CHERNOBYL’S HERBARIUM
PICTURE, 2012
ANAIS TONDEUR (FR)
On Saturday 26th of April 1986 at 1:23:58 a.m. local time, a test in the Chernobyl Nuclear Power Plant took a disastrous turn. The core of reactor No.4 exploded, emitting a plume of radioactive fallout into the atmosphere, that drifted across the then Western Soviet Union and Europe. Twenty-nine years after the accident, the thirty kilometers of exclusion zone surrounding Chernobyl nuclear plant is now being reopened and reveals itself as a place for opulent wildlife.

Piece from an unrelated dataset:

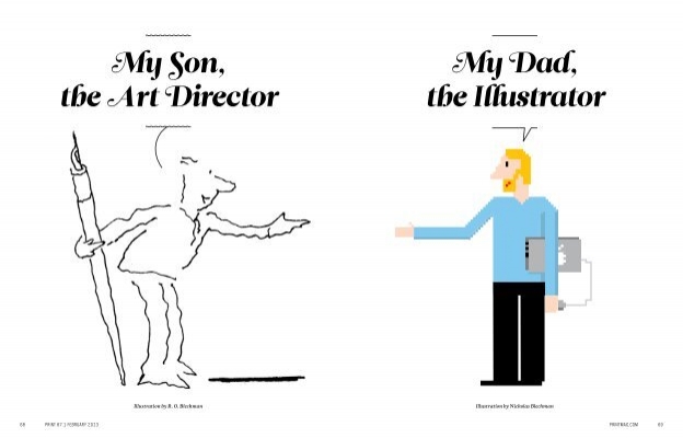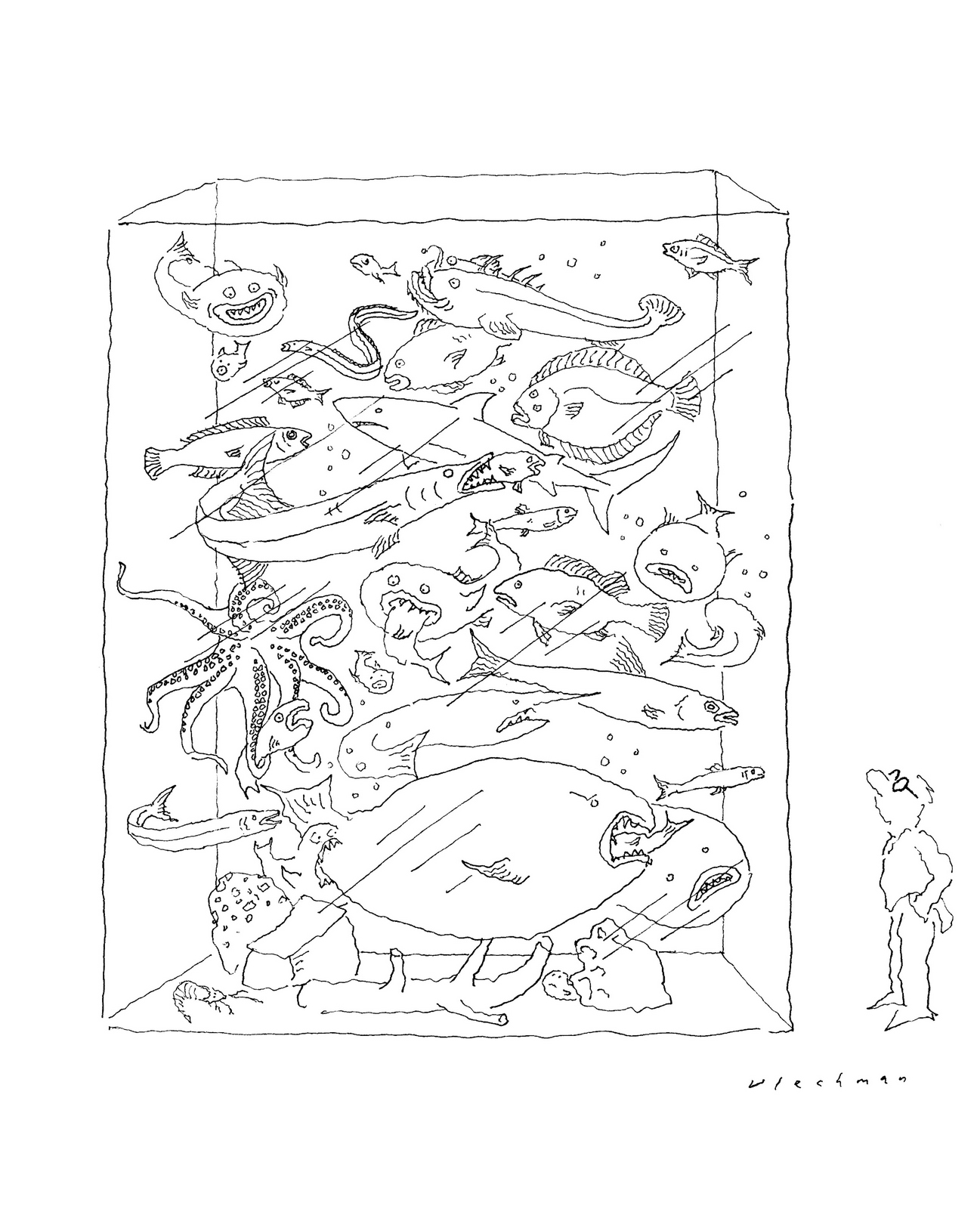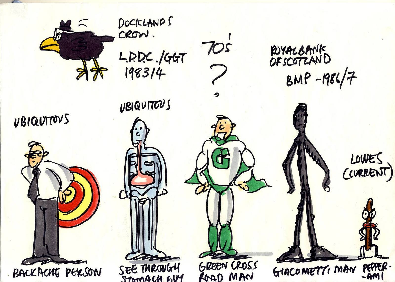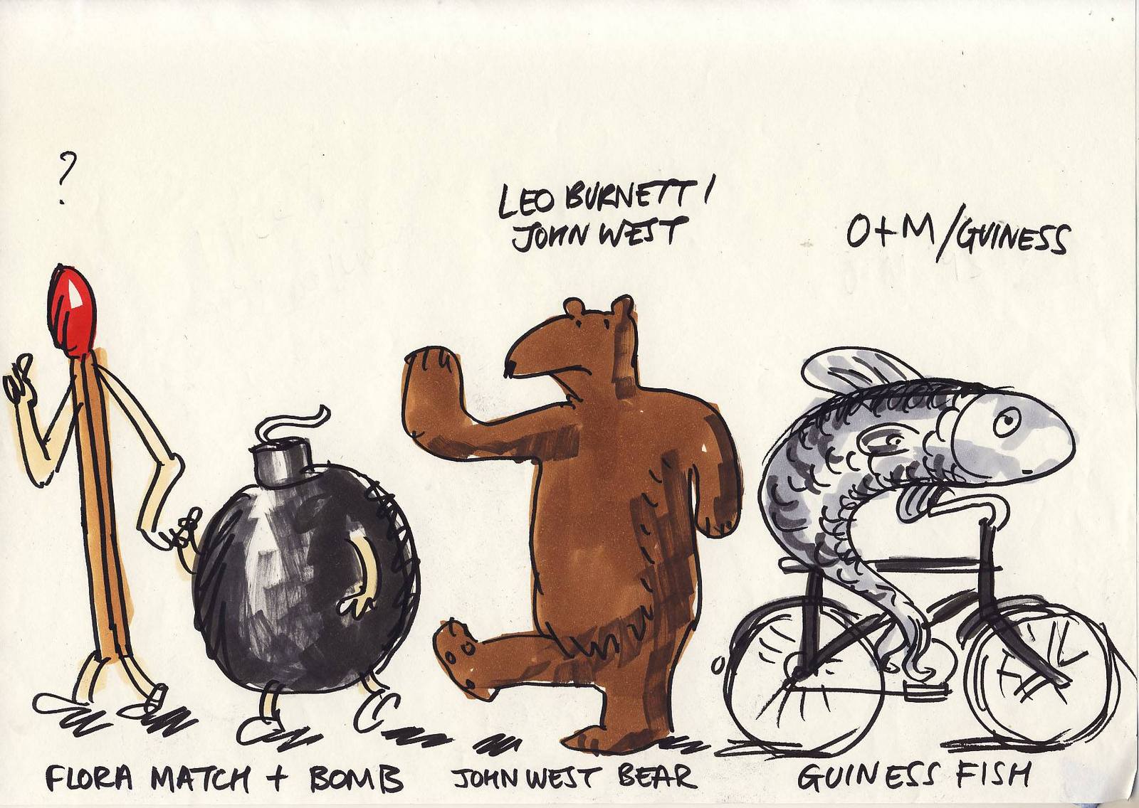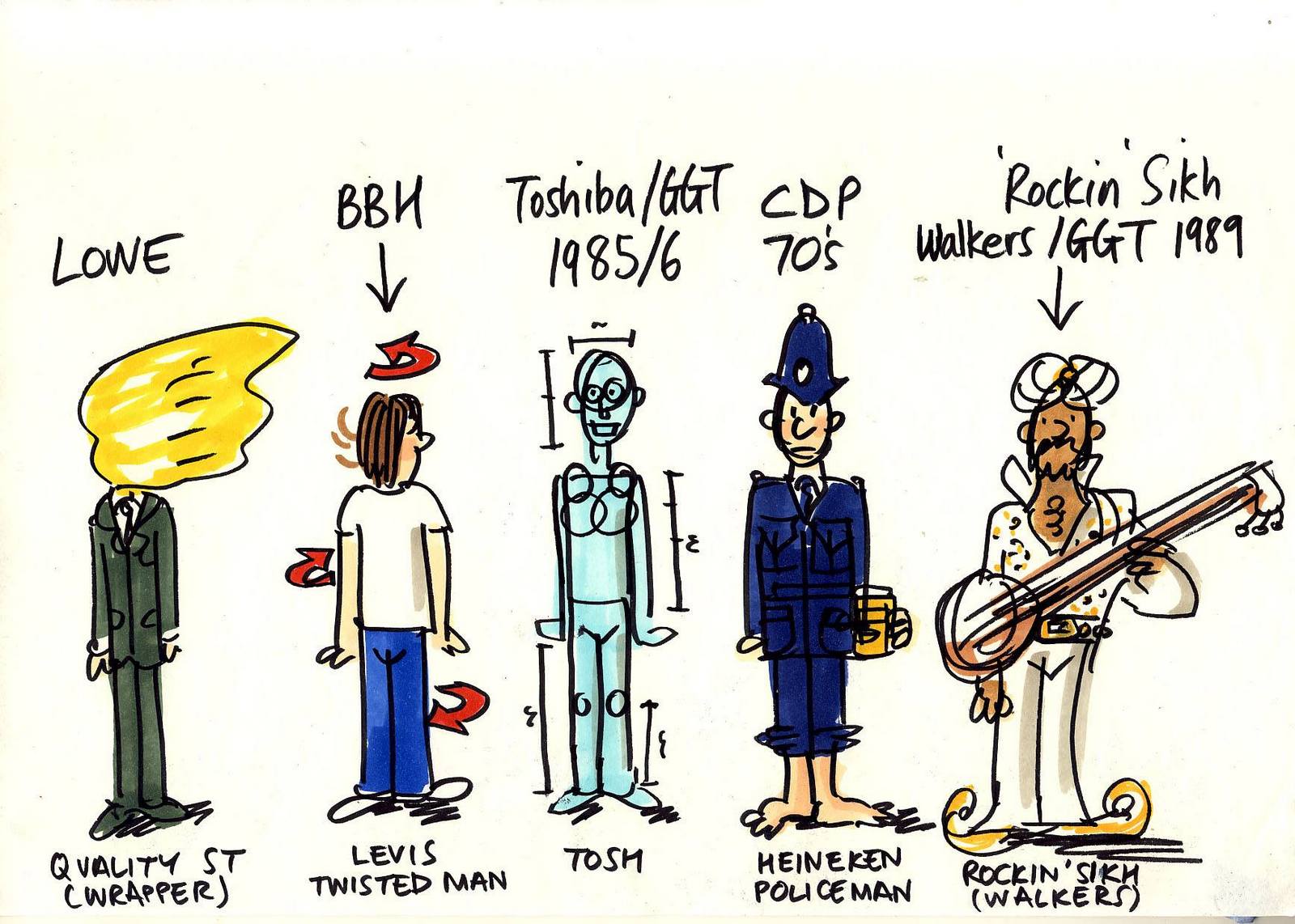 That was the first drawing I saw by R. O. Blechman.I loved it instantly.Firstly, it's a great observation of how companies operate, particularly ad agencies.But also, I was in the ideas business and I'd never seen them represented like that - in different levels from a tiny lightbulb to an enormous chandelier.I also loved the naive style of the drawing.It looked like a note one naughty child would pass to another secretly in class.Drawn in a hurry because they were excited.The apparent lack of craft means it feels personal, human.A master draftsman like Leonardo daVinci couldn't improve it.He'd kill it.Over the years I became more familiar with Blechman's lines.Often referred to as a nervous line.Countless ad folk have copied it - Alan Parker, John Hegarty, Gray Jolliffe and dozens more, including me, it just looks so easy (try it).You'll find you can draw squiggley lines in the shape of a person, but they feel like those chalk outlines the police draw around bodies; dead.Bob's not only feel alive, they conjure up multiple personalities with endless emotions.Often with a couple of dots and two or three lines.It's like some kind of magic trick.And whereas most artists get smoother, slicker and more polished over the years, Bob chose to move in the opposite direction - his line becoming more broken and juddery with each year. (Come to think of it, didn't Picasso take a similar route?)Take a look - early, later, later still.

The herbarium — a collection of dried plants — of specimens from the exclusion zone is based on the research undertaken on plant genetics by Martin Hajduch in the Institute of Plant Genetics and Biotechnology at Slovak Academy of Sciences. He looks at traumas endured by the flora in these areas of high radiation holding a particular interest in the Linaceae species. Seeds of this species have been planted in the irradiated soil near the meltdown site to test the impact of the radiation on the flora.
The imprints of the specimens are caught through a photogram process — a technique that mirrors the effect of the extreme exposure of light that the atomic bomb emits on explosion — evident in the imprinted shadows left on the land after the 1945 Hiroshima and Nagasaki atomic bombings. The photogram technique uses light as a source to record and archive trauma on the species just as the atomic explosions have illuminated and scarred the mind. With this series of plant imprints, the artist aims to interrogate the scars of a tragedy, the traces of an invisible substance.
BIO:
Anaïs Tondeur is a visual artist. She works and lives in Paris. She has been commissioned to work as an artist in residence with the scientists from the Natural History Museum as well as Pierre and Marie Curie University, Sorbonne, Paris in 2015 and at the Centre National d’Etudes Spatiales, Paris in 2015, Hydrodynamics Laboratory (LadHyx) at Ecole Polytechnique, National Centre for Scientific Research, France (2013-2015). She is currently beginning a research on urban soils with anthropologists as part of Chamarande’s lab curated by COAL (Coalition for Art and Sustainable Development). Her work has been exhibited in solo and group exhibitions shown nationally and internationally. GV Art, London represents Anaïs’s work. Anaïs graduated from a M.A. in Mixed-Media at the Royal College of Art in London in 2010 after completing a Bachelor (Hons) Textiles at Central Saint Martins College in London in 2008.